For our int8 experiments (Figures 1 and 2 left), we contrast the performance of i) the standard baseline which uses mixed-precision bfloat16, ii) the matrix multiplication kernels from LLM.int8() , which is equivalent to SwitchBackQ (Algorithm 4) if the weight gradient multiplication was also performed in int8 using row- and column-wise quantization, and iii) SwitchBack. SwitchBack has a negligible accuracy drop of 0.1 percentage points compared to the bfloat16 baseline for CLIP ViT-Huge. In contrast, there is a drop of 5.9 percentage points when training with LLM.int8(). Section C details our hypothesis for why LLM.int8() fails to replicate 16-bit performance for CLIP training.

For our simulated float8 training experiments (Figures 1 and 2 right), we contrast the performance of i) the standard baseline which uses mixed-precision bfloat16, ii) a baseline which uses tensor-wise quantization for all matrices, that is the weights, inputs, and gradients, and iii) SwitchBack. SwitchBack has a negligible accuracy drop of 0.1 percentage points from the bfloat16 baseline for CLIP ViT-Huge. In contrast, training diverges for the baseline that uses tensor-wise quantization for all matrices.

Speed. We now test the speedups offered by SwitchBack by first examining individual operations and then end-to-end training.

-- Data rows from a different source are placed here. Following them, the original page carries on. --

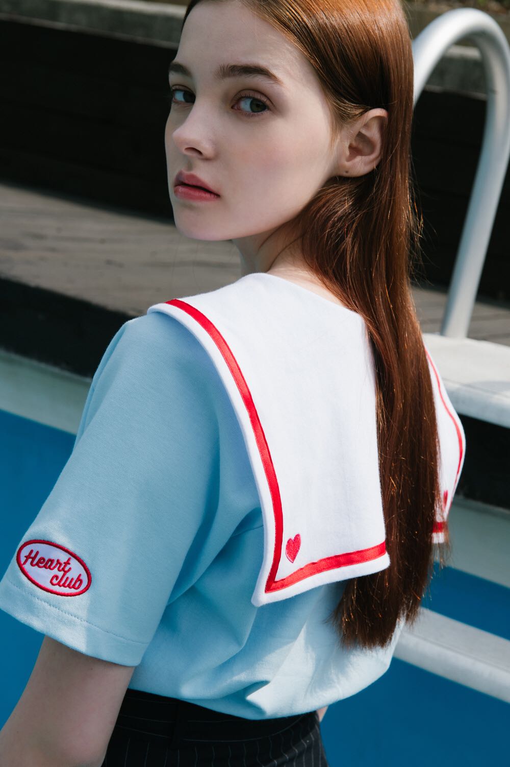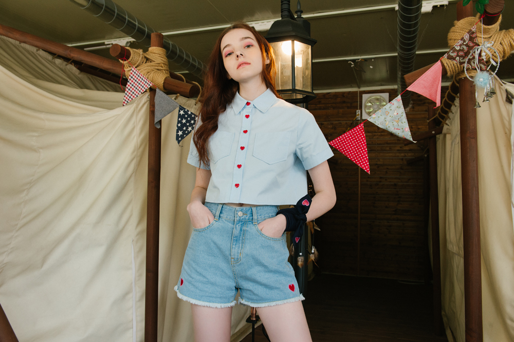 这个Heart Club系列,随处可见心形元素,你的领口、袖口、小扣子,都是一个个可爱的红桃心。
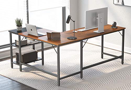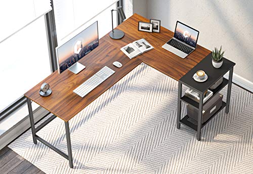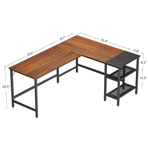 CubiCubi - CubiCubi L Shape Computer Desk with Storage Shelf Study Writing Table for Home Office, Modern Simple Style PC Desk, Black Metal Frame
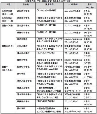 エスパルスの選手・スタッフ・職員、また市内の企業社員が小・中学校を訪問し、ゲスト講師となって算数や理科などにサッカーを関連付けた内容や社会に出て必要なチカラを考えるキャリア教育授業を小学校13校、中学校2校の計15校で行います。
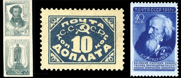 Так само серед филателистиских раритетів можна відзначити негашене синю 10-копійчану марку СРСР 1925 року, яка була продана за $18 500, негашене поштову марку СРСР з портретом Менделєєва з випуску «Вчені нашої Батьківщини», оцінюється в $11 500, а так само вертикальну беззубцовую зчеплення марок СРСР 1937 р. номіналом 40 і 50 копійок з серії, випущеної до сторіччя з дня смерті Пушкіна. Її ціна на аукціоні склала $9 500.
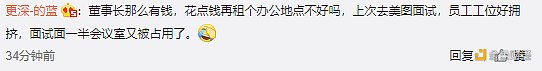 还有网友发问,“买几个比特币就算进军区块链了?”有网友称:“比特币为代表的虚拟货币是有史以来最纯粹的泡沫”,另有网友调侃到:“董事长那么有钱,花点钱再租个办公地点不好吗,上次去美图面试,员工工位好拥挤,面试一半会议室又被占用了。”
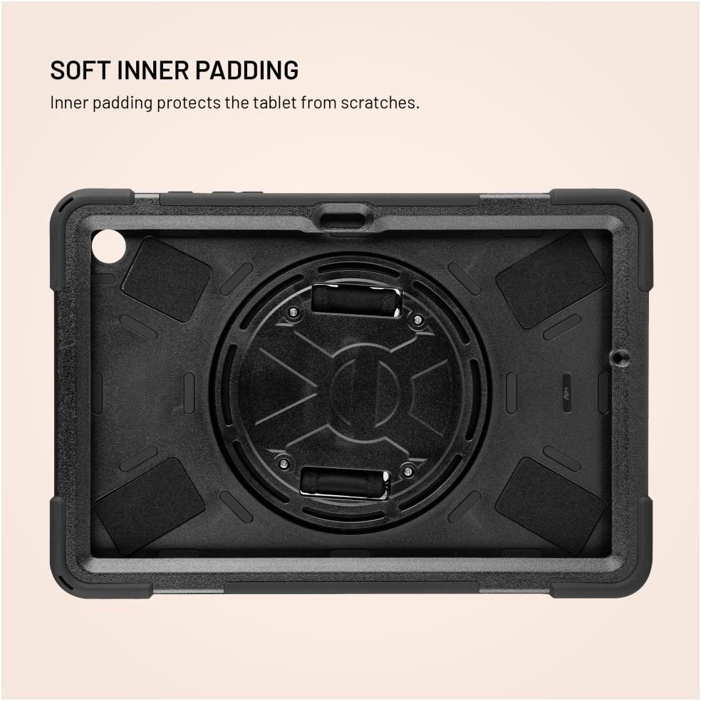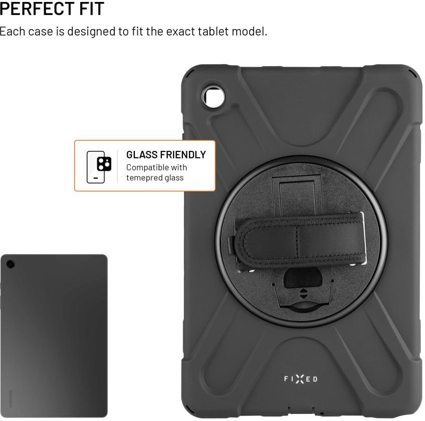 Extra odolné puzdro FIXED Rugged Tab je navrhnuté pre maximálnu ochranu tabletu, ktoré bez problémov odolá pádom, nárazom aj každodennému opotrebovaniu. Zosilnená konštrukcia rohov a bokov spoľahlivo absorbuje otrasy, zatiaľ čo vyvýšené okraje displeja chránia proti poškodeniu pri položení čelnou stranou dole. Vnútorné silikónové polstrovanie poskytuje dodatočné tlmenie nárazov a ochranu tabletu. Na zadnej strane puzdra sa nachádza otočná rukoväť, ktorá výrazne uľahčuje držanie a manipuláciu s tabletom. Rukoväť je možné otáčať o 360 °, takže si ju ľahko nastavíte do ľubovoľnej pozície a pomocou suchého zipsu si opasok rukoväte prispôsobíte akejkoľvek veľkosti ruky. Rukoväť zároveň slúži ako praktický stojan – stačí ju vyklopiť a tablet stabilne postaviť do horizontálnej polohy, ideálny na sledovanie videí, videohovory alebo prácu na cestách. Súčasťou balenia je tiež odnímateľný a nastaviteľný popruh, ktorý je možné pripevniť do ľubovoľného rohu puzdra a umožňuje tak pohodlné nosenie cez rameno alebo okolo krku. Puzdro je navyše vybavené slotom pre stylus, ochranou konektorov a vďaka presnému spracovaniu je plne kompatibilný aj s tabletmi opatrenými ochranným sklom. FIXED Rugged Tab poskytuje maximálnu ochranu tabletu, či už ste na stavbe, v teréne alebo na cestách.Vlastnosti
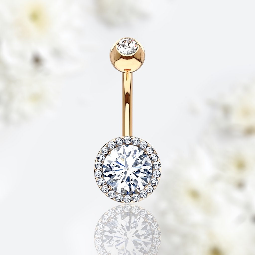 Dainty and minimal belly button ring with sparkling center stone.
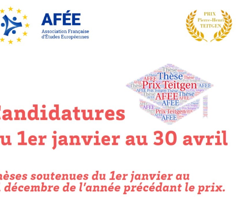 Chaque année, l’AFÉE récompense une thèse de doctorat en langue française qui contribue à l’amélioration des connaissances relatives à l’intégration européenne. Les candidatures doivent être adressées être adressées à secretariatcedece@gmail.com Voir le règlement du prix Voir les lauréats des années précédentes Continuer de lire Ouverture campagne prix Teitgen, deadline 30 avril
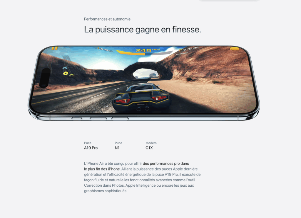 Capture every moment with the dual 48MP camera system, enjoy up to 36 hours of battery life, and recharge quickly with AirCharge 2.0 or USB-C. With its premium finish, powerful 5G connectivity, and iOS 19, the iPhone 17 Air combines elegance and performance to become the ideal everyday device.
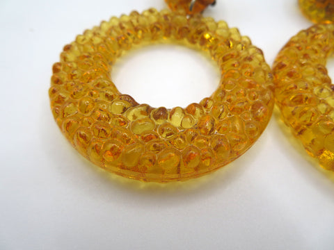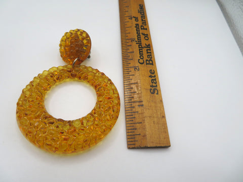 Vintage Golden Banana Gummy Lucite Hoop Clip On Earrings
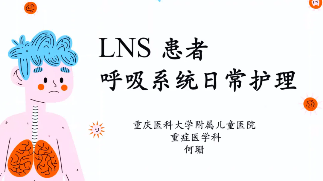 近年来,由于LNS患者终生生活无法自理且不会表达,常因家长日常护理的疏忽导致不少孩子出现了肺部积痰,甚至出现肺部感染进ICU的情况,为了提升家长日常护理意识,勤于观察和注重保护,我们邀请的最后一位讲者是来自重庆医科大学附属儿童医院ICU专科护士何珊老师,她的讲座内容是《LNS患者呼吸系统日常护理》。何老师从呼吸系统常见症状、咳嗽咳痰的居家护理、异常情况的识别干预三方面做了详尽分享,并用科普视频教大家学会如异物卡住该如何处理等。
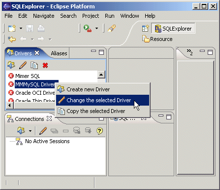drivers 標簽顯示了不同的數據庫驅動,它們被用來連接不同的數據庫。現在可用的數據庫包括db2, mysql, oracle, sybase, hsqldb, sqlserver 和 postgresql。針對mysql,我們需要配置sqlexplorer。為了配置mysql驅動,右擊 mmmysql driver 結點, 并且選擇 change the selected driver, 如圖4所示。

We profile all of the operations which constitute a forward and backward pass for a single linear layer in Figure 3 (left) for both SwitchBack and the baseline. For SwitchBack we profile our custom triton kernels and for the baseline we profile $\mathsf{torch.matmul}$ . Overall, we observe that int8 multiplies occupy just over half the time as standard fp16 matmuls, and that quantize operations are roughly an order of magnitude less time than a matmul. Note that our int8 matmuls are fused with the dequantize operation.

Figure 3 (right) displays the % speedup of SwitchBack over a standard fp16 layer when all operations in Figure 3 (left) are summed. Overall, the advantage of SwitchBack is greater for larger $\mathsf{dim}$ and $\mathsf{batch\_size}*\mathsf{sequence\_length}$ . Overall, the speedup ranges from 5% to 35%. We see a bump at $\mathsf{dim}=1280$ because standard PyTorch matmuls do not have optimized kernels for matrices of this size while we use triton’s autotune feature which provides fine-grained optimized kernels for matrices of any size. Our kernels are easy to modify as they are written in Triton , and the code to run the benchmarks and produce Figure 3 is open sourced. In doing so, we invite the community to further improve the kernels and provide a benchmark for measuring this progress. Due to computational constraints we have not tested $\mathsf{dim}>4096$ and it’s possible the kernels require additional tuning to perform well at that scale.

One downside of SwitchBack is that it requires quantize operations. However, it is already evident from Figure 3 that quantize operations occupy a small amount of time compared to matmuls. This is highlighted by Figure 4 (left) which displays the fraction of time occupied by quantize operations relative to matmuls for SwitchBack linear layers. Quantize operations occupy at most 25% of the time, this fraction decreases to around 10% or below for large $\mathsf{dim}$ .

We now conduct end-to-end speed tests for CLIP training on a single node with 4x A100 GPUs (Figure 4, right). This is in contrast with the speedup measurements so far in this which have measured individual layers independently. We benchmark speedups relative to using i) a baseline linear layer which we implement in PyTorch with $\mathsf{torch.autograd.linear}$ (Algorithm 5) and ii) the PyTorch optimized linear layer $\mathsf{nn.Linear}$ . In both cases the speedups increase when going from CLIP ViT-Base to CLIP ViT-Huge. However, there is an additional $\sim$ 12.5% speedup when comparing SwitchBack to the baseline linear layer which uses $\mathsf{torch.autograd}$ . We believe this comparison is fair because SwitchBack is also implemented using $\mathsf{torch.autograd}$ , while the standard PyTorch $\mathsf{nn.Linear}$ layer has additional C++ and CUDA optimizations that we do not implement. We hope to collaborate with the PyTorch team to realize the additional $\sim$ 12.5% speedup. Finally, we note that the kernels from LLM.int8() do not provide speedups over fp16 at the scale we consider.

3 Float8 training by reducing feature magnitude

We find that SwitchBack is necessary for high accuracy int8 training. However, this section develops other interventions which enable float8 training without SwitchBack. We show that high accuracy can be achieved via float8 training with tensor-wise quantization for the inputs, weights, and gradients, so long as the network is initialized and trained in a way which discourages large feature magnitudes. We accomplish via layer-scale initialized to zero.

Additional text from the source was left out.